AMD Sempron 3000+ (1,8 Ghz)
1GB Arbeitspeicher
ATI Radeon x200m (shared)
 Ja ich weiß, keine Highend - Maschine, aber man kann mit dieser hervorragend Spiele wie NfS Most Wanted & Co spielen.

Die CPU - Auslastung ist fast ständig bei 100%, der Arbeitsspeicher ca. bei 500MB +/- 100MB.

Liegen meine "Ruckel und Anti-Fließend spielen"- Probleme vielleicht an der CPU oder an der schlechten Grafikkarte?
An der Latenz kann es meiner Meinung nach nicht liegen, denn diese liegt zwichen 80 - 180, und auch an einem Anderen Standord (bei einem Freund der dieses Problem nicht hat, und Fließend spielen kann aber *nur* 512 MB RAM und nen Celeron mit ca. 2Ghz und ner Radeon 9250) gibt es keine Latenzprobleme.


ich hoffe ihr könnt mir helfen...., denn  für ein maximalen Spielspaß muss auch das Spiel wie geschmiert laufen....  

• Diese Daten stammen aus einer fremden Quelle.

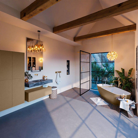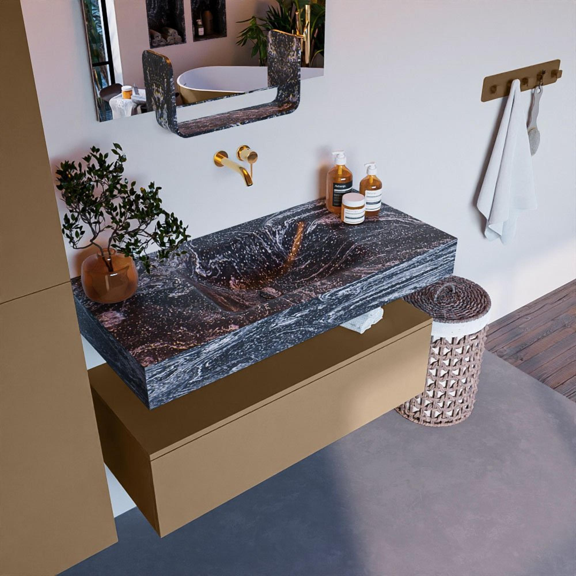 MONDIAZ ALAN - DLUX Badkamermeubelset - 100cm - onderkast - Oro - 1 lade - vrijhangende wastafel - wasbak midden - 0 kraangaten - Lava

			Dieser Inhalt steht nur eingeloggten Mitgliedern zur Verfügung.
        

 

Mit freundlichen Grüßen

Átho

PS: Ein Treiberupdate hab ich schon gefahren….., hat leider nichts gebracht.


----------



## kanly (11. November 2006)

> 1GB Arbeitspeicher
> ATI Radeon x200m (shared)



sharde memory is immer bissel ehmm  


			Dieser Inhalt steht nur eingeloggten Mitgliedern zur Verfügung.
        

 

Du hast 1 GB dafür gehn sagen wir mal 300 fürs Windoof drauf je nach dem was alles so läuft/auf dem system ist

Die Grafik bedient sich auch noch aus dem hauptspecher (deshlab halt shared) 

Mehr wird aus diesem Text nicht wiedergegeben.